14 May 2024
By William Xin, Director and Portfolio Manager, Fixed Income Asia
Since the onset of the year, Chinese authorities have embarked on strategic measures to stabilize the capital market and bolster economic growth. The People’s Bank of China (PBOC) has taken significant steps, including a 50 basis point cut in the reserve requirement ratio (RRR) – the largest since 2021 — followed by a historic 25 basis point decrease in the 5-year Loan Prime Rate (LPR). These policy actions have significantly boosted market sentiment, as reflected in the recent uplift in the Chinese stock market. These measures also align with our expectation of a supportive policy landscape in China for 2024.

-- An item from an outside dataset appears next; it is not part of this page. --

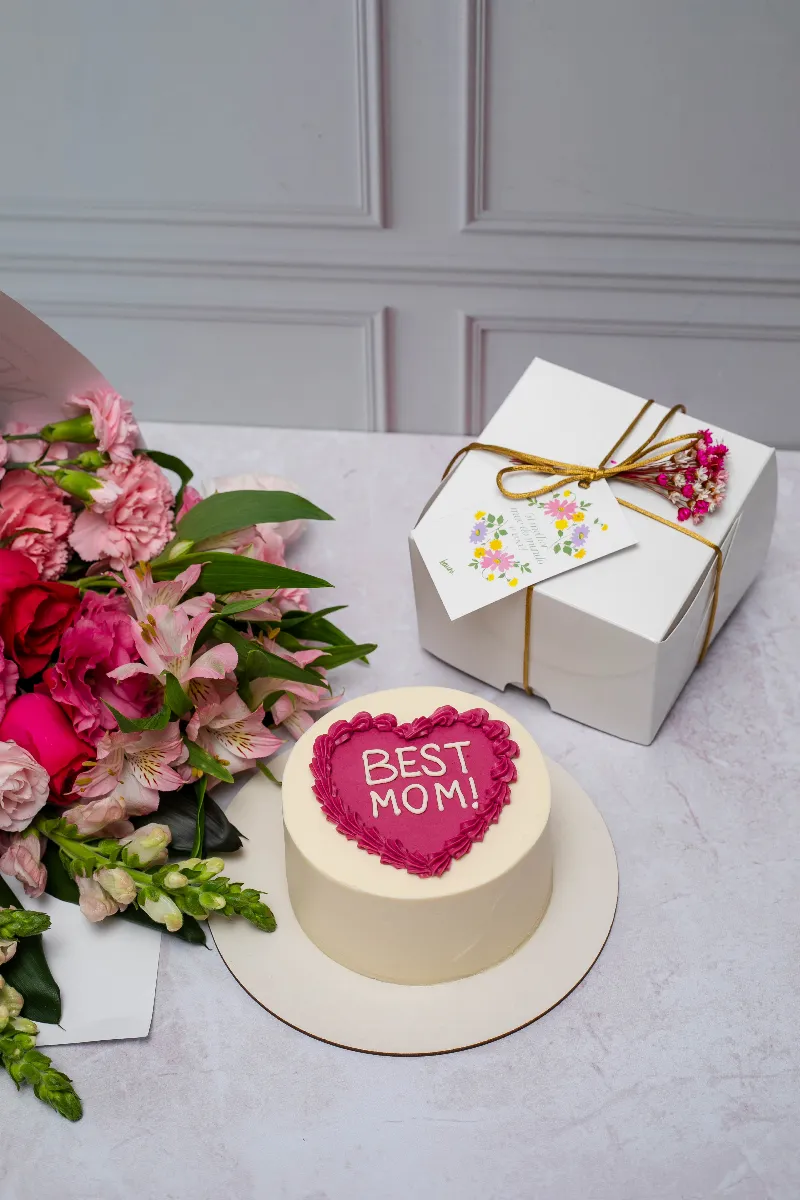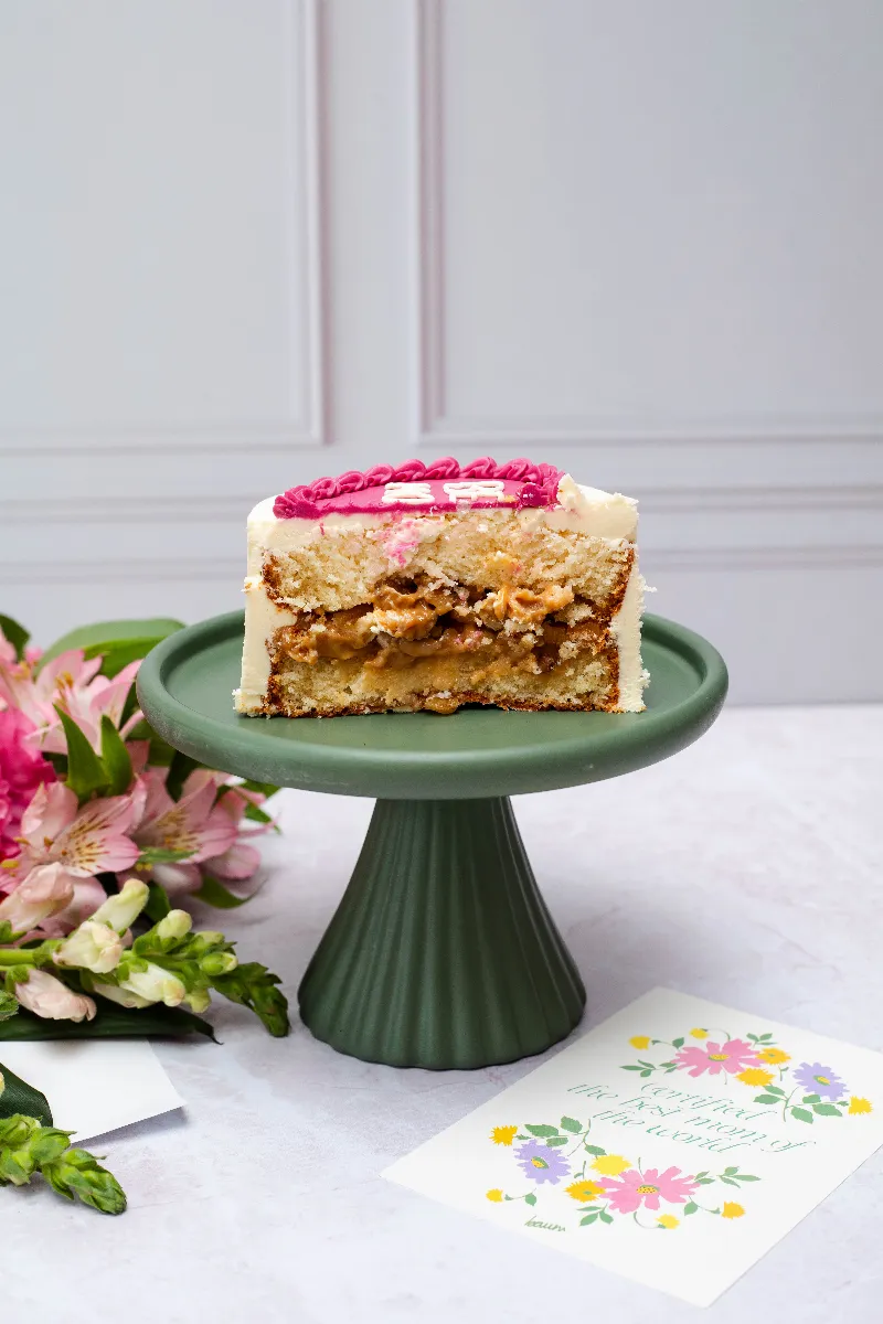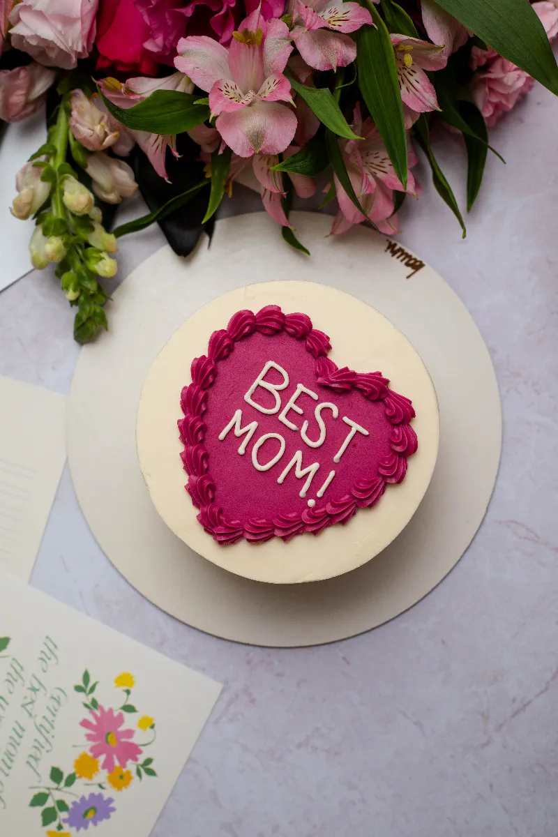 Modelo "Best Mom" da nossa linha especial de bentô cakes pra essa data tão significativa. O bolo pesa aproximadamente 400g, tem massa de baunilha e leva recheio de doce de leite com nozes.

The National People’s Congress (NPC) session in March established an economic growth target of around 5% for 2024, echoing last year’s goal and aligning with market expectations. However, the pursuit of this target is poised to be more challenging for the government this year due to a higher baseline and persisting economic headwinds, such as weakened domestic demand, industry oversupply, and diminished consumer and business confidence. Although we do not foresee a “bazooka-style” stimulus package as our base scenario, we anticipate the introduction of additional, coordinated policy support initiatives to reinforce market confidence and ensure sustainable growth beyond the immediate horizon.
In this context, fiscal policy is expected to remain expansionary. The central government has taken a more proactive fiscal approach since late 2023, including issuing RMB 1 trillion in central government bonds.
The NPC’s official work report also signalled plans to issue 1 trillion yuan ($139 billion) in ultra-long special central government bonds this year, with a fiscal deficit target of 3%, unchanged from last year. These additional special bond issuances are not included in the official deficit calculation. Including these bonds, we project the country’s deficit could approach 4% of GDP. We also anticipate an increase in the Special Local Government Bond (SLGB) quota to RMB 4.0 trillion, with an expansion in the permissible use of these funds to foster growth.
The monetary policy stance is expected to remain accommodating to support real credit demand. Although no specific monetary policy measures will be announced at the NPC, we anticipate additional easing through various structural monetary policy tools, such as Pledged Supplementary Lending and targeted relending schemes. This approach is likely to be complemented by further reductions in the RRR, Medium Lending Facility (MLF) rate, and Loan Prime Rate (LPR) in the coming months.
Furthermore, we expect more detailed property-specific policies to be unveiled at the NPC to address the sector’s ongoing weaknesses. More information on the “three major projects”—affordable housing construction, shanty town redevelopment, and the development of public infrastructure for both regular and emergency use—is anticipated, aligning with the Central Financial Work Conference’s directive last October to expedite efforts related to these projects. Additional policy support aimed at enhancing the supply of social housing, potentially including the acquisition of unsold private projects by local governments for conversion into public housing, is also anticipated.
The supportive measures and policy announcements from China signify a concerted effort to sustain economic growth and market stability. While these developments are broadly in line with expectations, they underscore the government’s commitment to navigating the current economic challenges. While the fiscal deficit target for 2024 is kept unchanged, the absolute size of the fiscal deficit is expected to increase by RMB 180 billion to RMB 4.06 trillion, surpassing 4 trillion for the first time in history.
We will monitor the progress of fiscal spending and local government bond issuances to assess if the support on the economy is sustained and how various sectors benefit from them. We also await further sector-specific announcements, such as those on property sector, which can provide clues to the extent of policy support for the sector and the potential trajectory from here.
Another area of investment opportunity, for example, could be bonds issued by local governments financing vehicles (LGFV). LGFVs play critical roles in infrastructure investments and promotion of economic growth, in line with the government’s focus this year. Liabilities of LGFVs are also expected to be lightened through the issuances of special refinancing local government bonds that can be used to pay down the LGFV debt, as well as other refinancing options that help extend their debt duration and reduce funding costs. There may be selective opportunities in high quality LGFV bonds with strategic importance and proven track record.
The dovish monetary policy stance will, however, keep China onshore bond yields low. Since December, the 10-year China government bond yield has fallen by 40 bps to a record low of 2.28% (7 Mar 24). The fall in onshore bond yields has reduced the appeal of China onshore bonds compared to USD-denominated bonds issued by similarly rated China entities. As such, we will maintain our preference for exposure in China USD credit, as opposed to onshore RMB-denominated ones, while we wait for better entry opportunities in the onshore space.
The value of investments will fluctuate, which will cause prices to fall as well as rise and you may not get back the original amount you invested. Past performance is not a guide to future performance.